I think it depends. If they try to make the FTR1200 (which is cool as its own thing ) into a sport-bike, I agree. It's too heavy, too under-powered, and the chassis will never compete with world-class superbikes. If they're willing to hire the right people and spend enough money, and start with a clean-sheet, there's no reason they can't make their own S1000RR.
But, with him even suggesting in the interview that it might be a V-Twin, I think it would be crazy to not buy the EBR designs and start with a bike that's 95% there already for far less money (based on the $500,000 minimum bid LAP seemed to be looking for) than it would take to develop from scratch.

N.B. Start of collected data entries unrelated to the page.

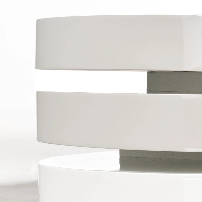 Contemporary and versatile, this oval coffee table will add a distinctive touch to your decor. The 3-layer coffee table is crafted from sturdy plywood with a white high gloss finish, and features a rotating top and second layer that can swivel outwards to create a larger surface. The low-profile coffee table is perfect for adding unique function to your modern space.
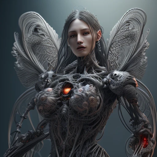 complex 3d render ultra detailed beautiful death angel, biomechanical cyborg, analog 150 mm lens, beautiful natural soft rim light, crystal feathers, roots, fine foliage lace, colorful details, Boris Bidjan Saberi outfit, pearl earrings, piercing, art nouveau fashion embroidered, intricate details, mesh wire, mandelbrot fractal, facial muscles, cable wires, microchip, badass, hyper realistic, ultra detailed, octane render, volumetric lighting, 8k post-production, red and white with a bit of black, detailled metalic bones, semi human, iridescent colors, Glenn Brown style, futuristic room, power of the god, high-angle shot, complex body poses
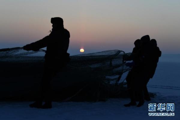 12月27日,渔工们在乌伦古湖捕鱼。
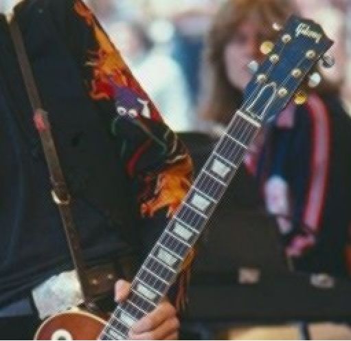 これは、照明のライトの色のせいではない感じです。(ペイジ氏のレスポールのペグの色はゴールドです・・念のため )
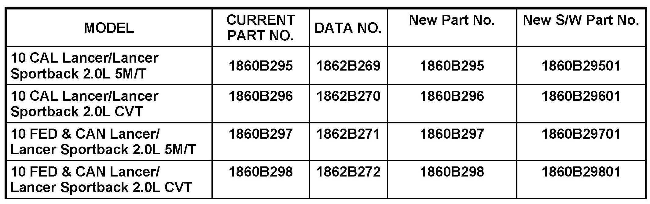 ECM REPROGRAMMING CHART (4B11 - 2.0L)

It would be a little frustrating and baffling if they do create their own V-Twin sport bike when EBR was there for the taking as a cheap, cool starting point that has some racing experience, American heritage, built-in fan-base etc.
Who knows, maybe they'll even reconsider and and buy EBR as part of this apparent new interest in a sport-bike.

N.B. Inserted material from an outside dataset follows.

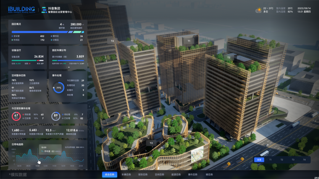 抖音集团位于上海新江湾城的办公园区,总建筑面积约为28万平方米,包括办公、商业等业态,总计4栋办公楼,预计可容纳1.2万员工办公和消费。美的楼宇科技iBUILDING与火山引擎边缘云深度合作,双方基于智慧建筑数字化总承包DEPCO理论体系,围绕低碳节能和高效运营两大主线,共同打造了“1+7”智慧园区综合解决方案,为园区注入绿色数字化的智慧灵魂。

... or it could be a whole lot of nothing and they might do nothing more than continue to make the same cruisers they've always made with minor styling/performance revisions. I'll admit they've suckered me in the past and while they keep hinting thy're going to make a performance bike, they've gotten my hopes up only to unveil another cruiser on multiple occasions already.
Even the FTR 1200 isn't real yet, but the day they unveil a production bike, they'll have the best American bike on the market (by sad default).